There is nothing orthodox Marxist or owing to the early Congresses of the revolutionary Comintern about the CPGB’s critique of the Spartacist League, as they claim. The CPGB reject the Comintern and the Russian Revolution itself as models for revolutionaries to seek to emulate.  As MacNair’s writings reveal, they prefer the politics of pre-1914 Karl Kautsky, the centrism that laid the basis for the destruction of the Second International and the necessity for a third. Their softness on Starmer and his genocidal Zionist Labour Party has deep roots in their own affinity for reformism and their fealty to the political method of Hal Draper, the ‘third camp’ theorist of later forms of pro-imperialist social democracy that have given the false impression that the Zionist neoconservatives had something to do with the Trotskyist movement.

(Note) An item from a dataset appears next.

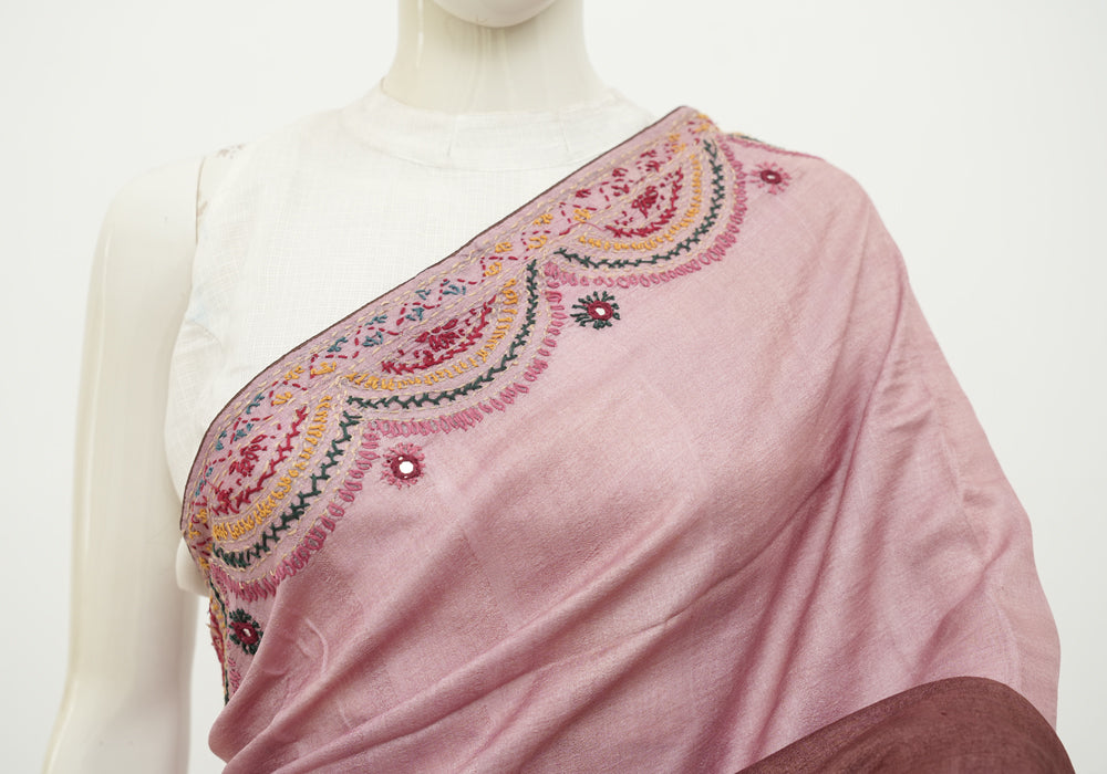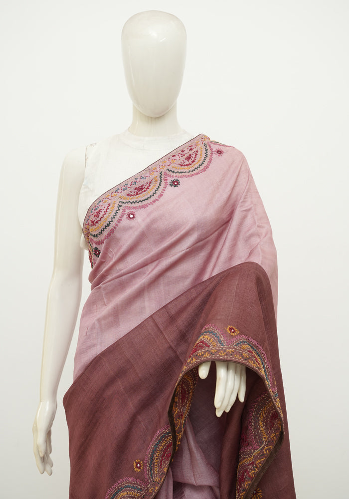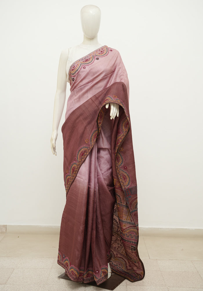 Onion Pink and Brown Tussar Silk Saree with Lambani Embroidery

They do not, but the politics of the CPGB and the Alliance for Workers Liberty, who the CPGB tried to fuse with in the early 2000s, have also a common root in the politics of Hal Draper, one of whose earliest tracts, titled How to defend Israel (https://www.marxists.org/archive/draper/1948/07/israel.htm) put a ‘socalist’ gloss on the Nakba of the Palestinians. Ironically, to a degree the Spartacists under Robertson’s also had roots in Shachtmanism, which seriously flawed their own politics on West Asia. But this debate had a left and a right, and it is useful for the left and political clarity to get a proper view and orientation of what the protagonists represent.